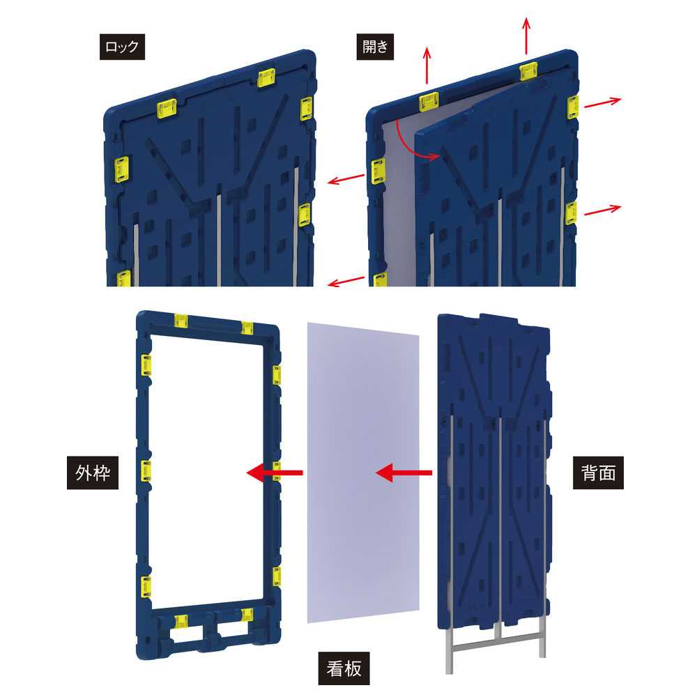 樹脂製看板枠・1100mm×1400mm用(超高分子量PE/枠のみ) 工事看板 看板枠 樹脂製工事看板枠 工事看板用枠 作業看板用枠 樹脂枠
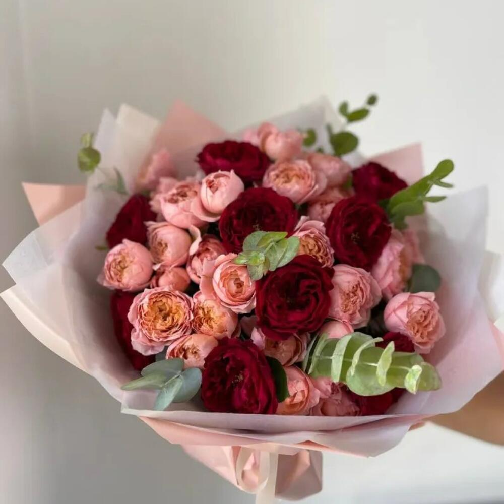 Гвоздики, Лизиантусы, Розы, Тюльпаны
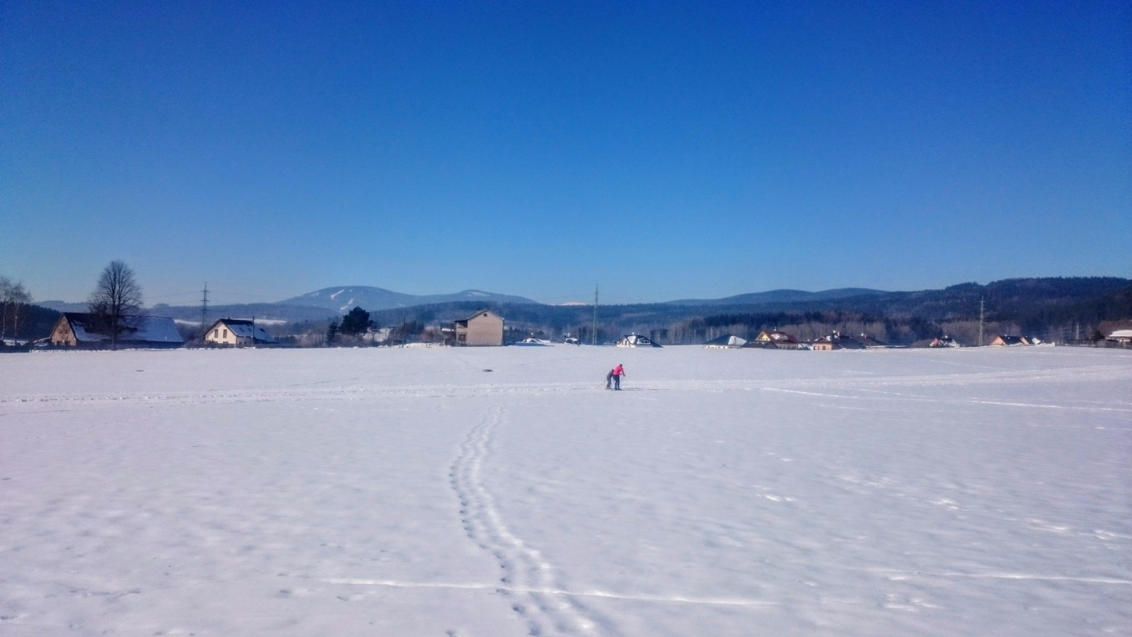 Upravené běžkařské stopy vhodné i pro bruslení mají podobu několika na sebe navazujících smyček - kroužit po polích a loukách tu tak můžete donekonečna.dvoracka Trutnov lyze0391.jpg
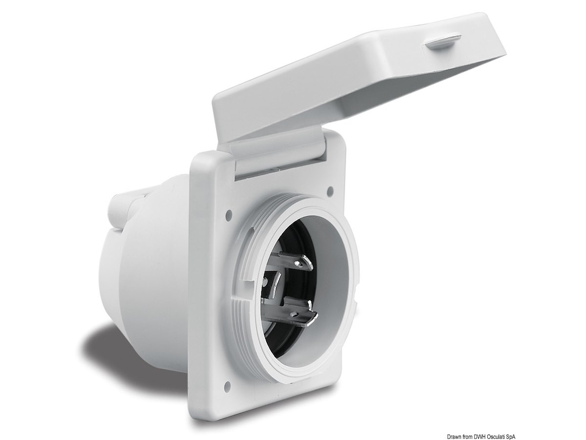 • Descrizione: Presa 3 fili maschio con protezione posteriore cavi in resina “Valox”. IP56
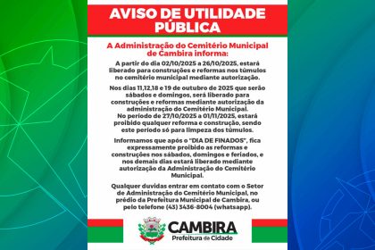 A Administração do Cemitério Municipal de Cambira informou que, entre os dias…
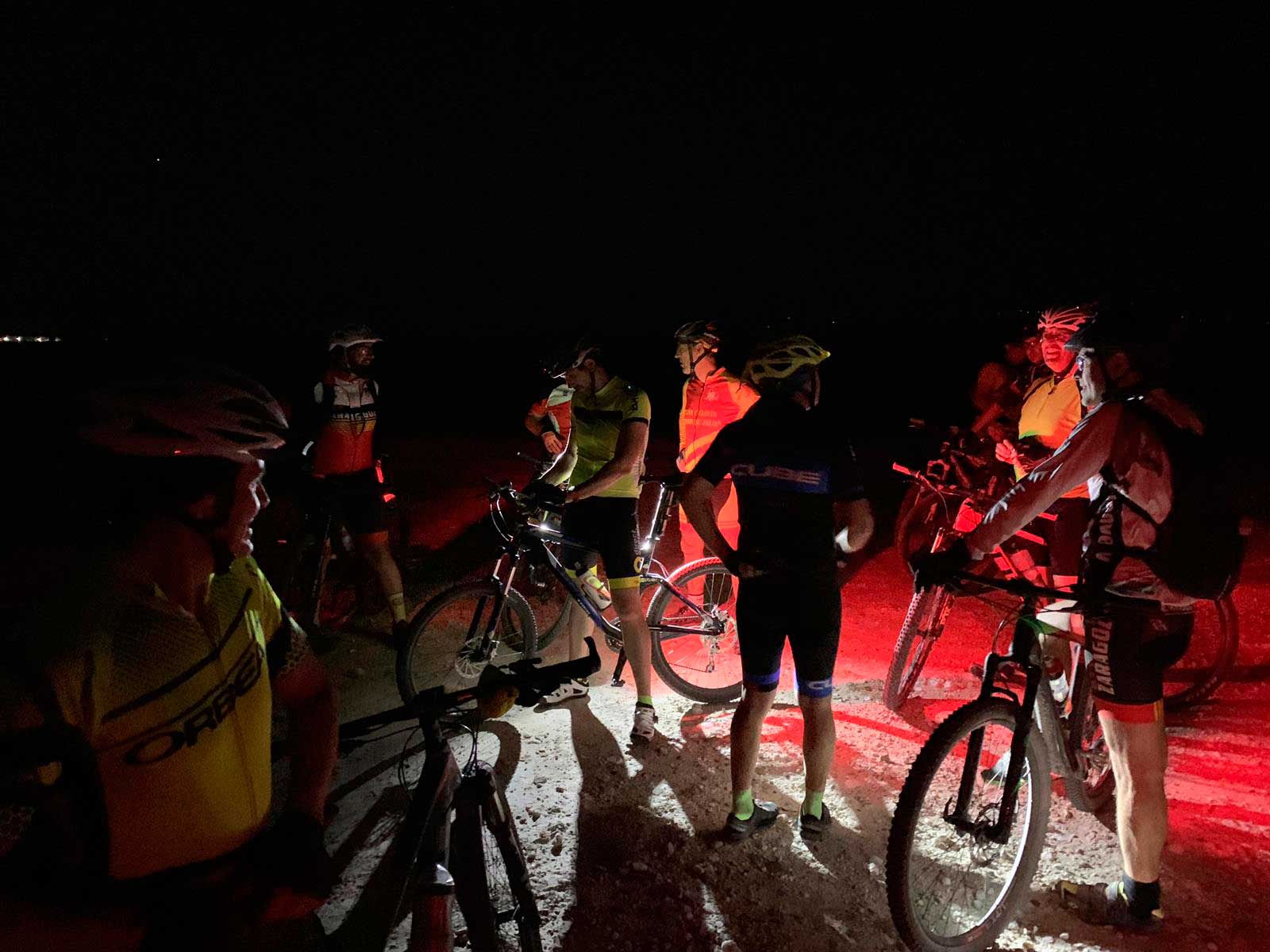 Nos pusimos a pedalear de nuevo , esta vez guiados por el gran “Morata” que dijo conocer un camino que se nos haría más cómodo que la vuelta que teníamos planeada. Iniciamos un descenso vertiginoso, de cara la oscuridad absoluta, si bien era fácil y sin ningún obstáculo pero siempre con ese respeto e imposición al que la noche te obliga, con los sentidos disparados y la adrenalina haciendo bailar tu pulso. Nos llegamos a ese punto más allá del “tiro bola” camino de las planas , en donde una bifurcación avalada por un cartel de madera te indica la dirección al camino de la estepa o bien hacia el conocido Montañés, pero claro esta, nosotros dándole la espalda a estos destinos. De una forma rápida y cómoda nos llegamos a las inmediaciones del cementerio, tras reunirnos de nuevo decidimos tomar el carril bici , hacia la estación de policía, llegar al canal y tomarnos algo en el bar “Imperial” ese emplazamiento tan bonito a la vera de un embarcadero y de un parque infantil. Tras unas cervezas, como mandan los cánones y una ronda de chistes, fotos y algo más , nos despedimos para la próxima ocasión, contentos , como niños que han realizado una aventura, valientes y aguerridos.
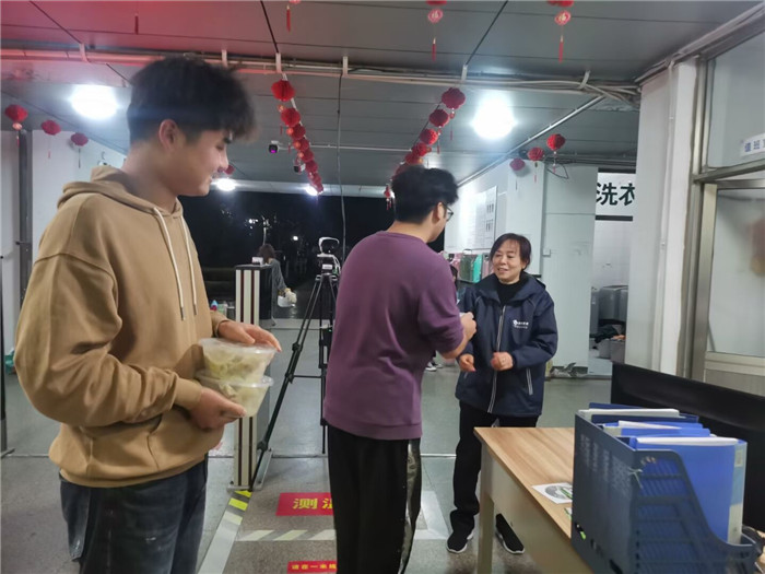 学生公寓管理工作不仅需要领导和老师们的指导,同时也离不开宿管员们的辛勤付出。孩子们将第一锅热气腾腾的饺子送到每位值班的宿管员手里,叔叔、阿姨们既感动又开心。

--------------------

» **Aim of the task**: Omit every picture while transcribing the records above exactly.

» **Written solution**:
 樹脂製看板枠・1100mm×1400mm用(超高分子量PE/枠のみ) 工事看板 看板枠 樹脂製工事看板枠 工事看板用枠 作業看板用枠 樹脂枠
 Гвоздики, Лизиантусы, Розы, Тюльпаны
 Upravené běžkařské stopy vhodné i pro bruslení mají podobu několika na sebe navazujících smyček - kroužit po polích a loukách tu tak můžete donekonečna.dvoracka Trutnov lyze0391.jpg
 • Descrizione: Presa 3 fili maschio con protezione posteriore cavi in resina “Valox”. IP56
 A Administração do Cemitério Municipal de Cambira informou que, entre os dias…
 Nos pusimos a pedalear de nuevo , esta vez guiados por el gran “Morata” que dijo conocer un camino que se nos haría más cómodo que la vuelta que teníamos planeada. Iniciamos un descenso vertiginoso, de cara la oscuridad absoluta, si bien era fácil y sin ningún obstáculo pero siempre con ese respeto e imposición al que la noche te obliga, con los sentidos disparados y la adrenalina haciendo bailar tu pulso. Nos llegamos a ese punto más allá del “tiro bola” camino de las planas , en donde una bifurcación avalada por un cartel de madera te indica la dirección al camino de la estepa o bien hacia el conocido Montañés, pero claro esta, nosotros dándole la espalda a estos destinos. De una forma rápida y cómoda nos llegamos a las inmediaciones del cementerio, tras reunirnos de nuevo decidimos tomar el carril bici , hacia la estación de policía, llegar al canal y tomarnos algo en el bar “Imperial” ese emplazamiento tan bonito a la vera de un embarcadero y de un parque infantil. Tras unas cervezas, como mandan los cánones y una ronda de chistes, fotos y algo más , nos despedimos para la próxima ocasión, contentos , como niños que han realizado una aventura, valientes y aguerridos.
 学生公寓管理工作不仅需要领导和老师们的指导,同时也离不开宿管员们的辛勤付出。孩子们将第一锅热气腾腾的饺子送到每位值班的宿管员手里,叔叔、阿姨们既感动又开心。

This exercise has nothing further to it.